Beth Pauley · April 3, 2008 - 13:59 EST #1
I didn't know you guys could read my mind! I couldn't agree more with your observations re:
QuarkXPress 7 ... check
iTunes ... check
Microsoft Office ... check
Freehand ... check
Well said! Keep up the good work.
Jacques Daviault · April 6, 2008 - 14:19 EST #2
Stop being so mean to Illustrator... I've used both as well and honestly, comparisons aren't fair, they each have features the other could use. And, after all, Freeehand is dead, so long live the new Vector King.
Mark Tennent · April 6, 2008 - 15:09 EST #3
I'm not being mean. Maybe it's a left-hand-right-hand thing but Illustrator remains, for many people, the most awkward way of making vector illustrations.

Thankfully, XPress and inDesign both have advanced bezier abilities, plus layers, transparency and export options that make Illustrator almost unnecessary.
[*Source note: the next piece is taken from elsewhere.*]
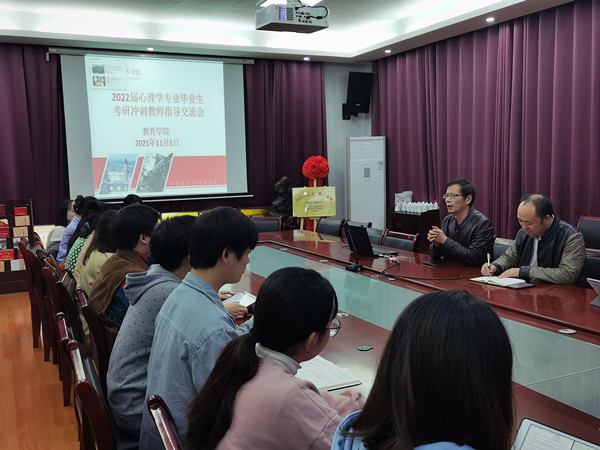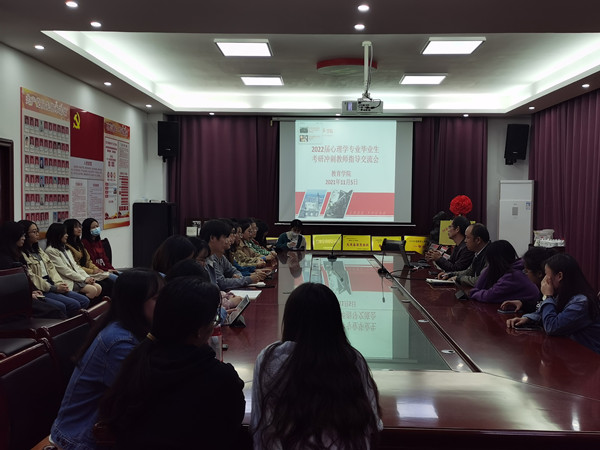 11月5日晚,球速体育在特立楼北208会议室举行2022届心理学专业毕业生考研冲刺教师指导交流会。公司党委副书记张志新、副经理黄月胜出席会议。

Add in better colour control, typography, tables and multi-pages and you arrive back at Freehand.
Lee Bennett (ATPM Staff) · April 6, 2008 - 16:42 EST #4
I agree, and I'll hang on to my last copy of Freehand for as long as it will continue to run on OS X.

For the love of Pete, why am I able to work with bezier shapes more easily in InDesign than in Illustrator? Shouldn't it be the other way around?